Tuesday, 15 April 2008

Sometimes it's hard to be a woman

Women. Despite regularly being lumped together with minority groups, we actually outnumber men. Although there are more boys born than girls, women are somehow more robust and live longer.

It's not easy being a woman, however, especially when health stories seem to suggest that if we would only behave like 1950s housewives, doing our own housework, barely touching alcohol and having babies in our twenties, we could be happier and healthier.

At least we need never be ignorant about our health as there are lots of resources dedicated to the fairer sex. Starting with patient information, NHS Choices has a whole section on gynaecology - everything from periods to STDs - and on pregnancy. The BBC's women's health site covers a range of issues from sexual health to mental health. Medline Plus ranges wide in its selection on women's health, including alcohol problems, travellers and heart health.

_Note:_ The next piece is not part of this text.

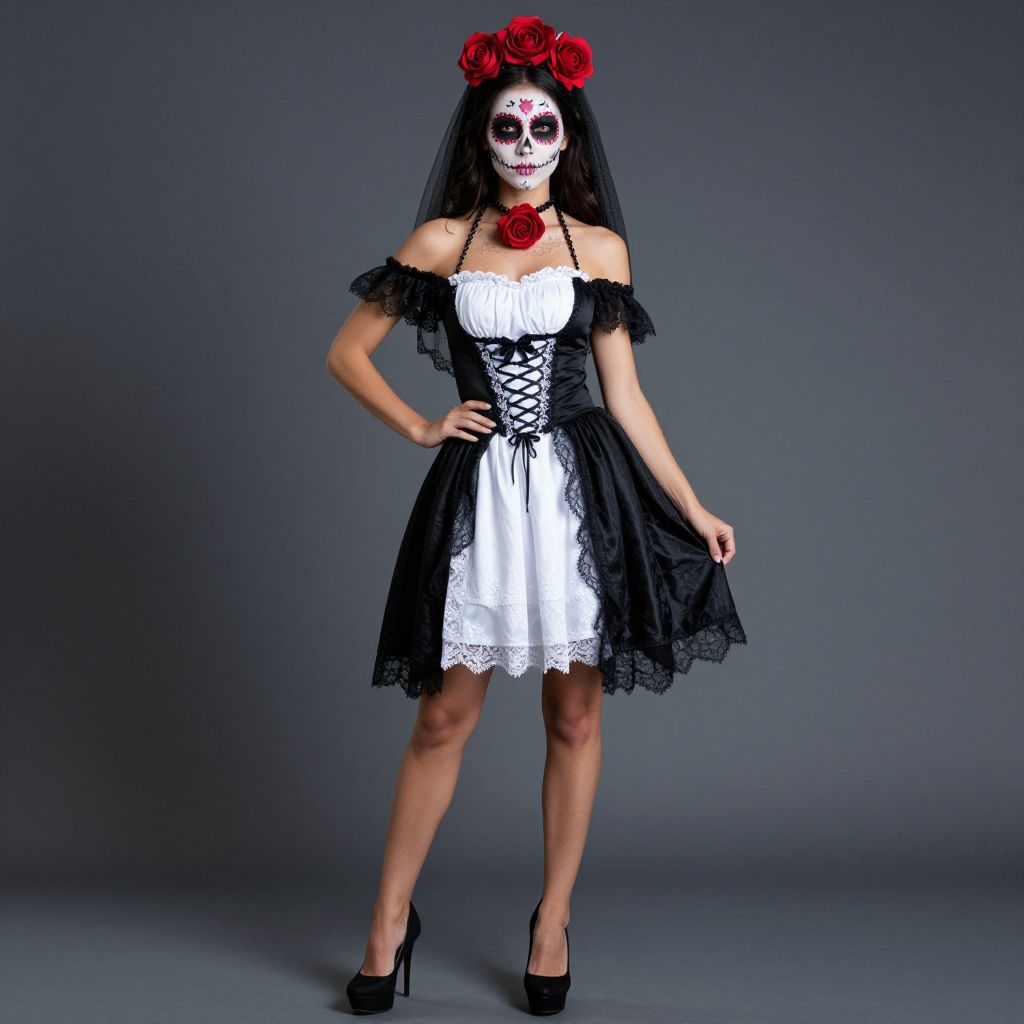 Photograph of a young woman in a Day of the Dead costume. She wears a black and white off-the-shoulder dress with lace trim, a corset-style lace-up back, and black high heels. Her face is painted white with black intricate designs, and she has a red flower in her hair. She stands against a plain gray background with one hand on her hip and the other holding the sides of her dress. Her long black hair is styled down, and she wears a black veil. The image has a dark, gothic aesthetic with contrasting colors and textures.

The National Library for Health has a separate Women's Health Specialist Library and even Bandolier has a page that collects together issues gynaecological and obstetric.

There is an Association of Chartered Physiotherapists in Women's Health (ACPWH), the Royal College of Obstetricians and Gynaecologists (RCOG) and the Royal College of Midwives, all dedicated to looking after women. (Spare a thought, please, for Midwives, who are no longer supported by their own library.)

There are resources for women's cancers. Breast cancer has its own charity, website and pink ribbon, but other websites also cover the condition. Ovarian cancer is less glam - no Kylie - and doesn't seem to have a dedicated charity. Uterine cancer also lacks a dedicated website.

There are websites for menopause (but not menarche), for pregnancy, lack of pregnancy, unwanted pregnancy and postnatal depression.
There isn't (other than breast cancer) a separate women's health section on our current awareness page. Want one? Then contact me and say so!! Journal Watch (from the NEJM) gathers together items from various journals covering women's health, while a medical librarian in the States has a blog on this topic.

It's rather disconcerting, looking at all these sites, to find that in health terms being a woman is all about sexual organs and pregnancy. You'd be forgive for thinking women didn't have kidneys, livers, legs, eyes and all the other bits that make up a human being. That's why many of the books in the library with "women's health" in the title end up in the Obs and Gynae sections, because they really do only cover what used to be coyly referred to as "women's bits" or "women's troubles." If you are dealing with a woman, and happen not to be one yourself, please remember that women are people, too.

In the interests of avoiding gender bias the next post will cover men's health!

1 comment:

Rachel said...

You're right of course that reproductive issues aren't the *only* issues women have to deal with. However, whenever someone is talking about women's, men's, Native American, or whatever group health, I think they tend to be focusing on the issues that *uniquely* affect those populations. That's not to say the other health concerns aren't important, just that the focus is not on all things.